I Ran an 80B Coding Model Locally with Claude Code. It Took 1 Hour Instead of 9 Minutes. Here's What Was Wrong.
The Dream Setup
I finally got Claude Code running with my own local LLM. Everything local, everything private, running on my Mac Mini M4 Pro. No API keys, no cloud costs, no data leaving my network. Just me, my hardware, and a 79.7 billion parameter coding model.

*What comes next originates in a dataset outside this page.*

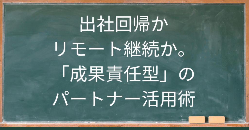 出社回帰かリモート継続か。経営を停滞させない「成果責任型」のパートナー活用術

But something was very wrong. A simple task (scaffolding a Django REST API with JWT authentication) took 1 hour.
At 23 tokens per second, the ~13,000 tokens of output should have taken about 9 minutes. Where did the other 51 minutes go?

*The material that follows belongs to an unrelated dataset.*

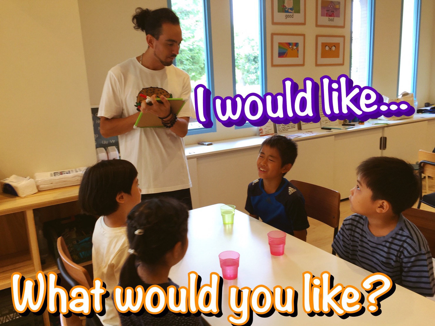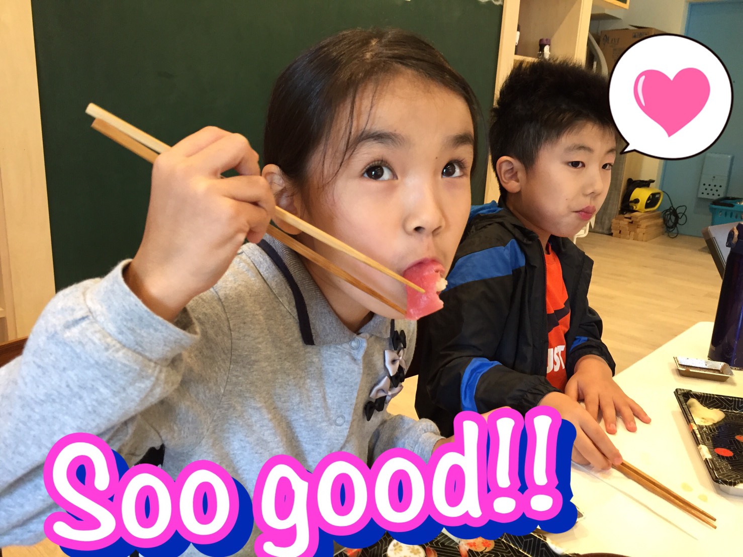 さぁ、いよいよお寿司の時間ですが、、、今日はレストランにいったときの想定をして入店〜のシミュレーションです。先生たちが店員さんとなって迎えます。先生:”Welcome to Smokey’s Sushi.”(スモーキー寿司店へようこそ)

This post walks through how I diagnosed the problem, what I learned about how LLM inference actually works, and the specific fixes that brought the time down significantly. If you’re running Claude Code with Ollama (or any local LLM), this will save you a lot of frustration.
My Setup
- Hardware: Mac Mini M4 Pro, 64GB unified memory
- Model:
qwen3-coder-next:q4_K_M, a 79.7B parameter coding model, quantized to Q4_K_M (~48 GB on disk, ~54 GB in GPU memory) - Inference server: Ollama, running on the Mac Mini
- Client: Claude Code v2.1.42, connecting to Ollama from another Mac on the local network
- Launch command:
ANTHROPIC_AUTH_TOKEN=ollama \ ANTHROPIC_BASE_URL=http://192.168.10.1:11434 \ ANTHROPIC_API_KEY="" \ claude --model qwen3-coder-next:q4_K_M
Raw benchmarks looked promising. When I tested the model directly via Ollama’s API:
- Token generation: ~23 tokens/second
- Prompt evaluation: ~20 tokens/second
Those numbers aren’t blazing fast, but they’re perfectly usable. So why was the full Claude Code session so painfully slow?
The Problem
The numbers told a clear story:
| Metric | Value |
|---|---|
| Total wall time | ~66 minutes |
| Output tokens | ~13,000 |
| Generation speed | 23 tok/s |
| Expected generation time | ~9 minutes |
| Unexplained overhead | ~57 minutes |
Nearly 90% of the time was spent doing something other than generating tokens. But what?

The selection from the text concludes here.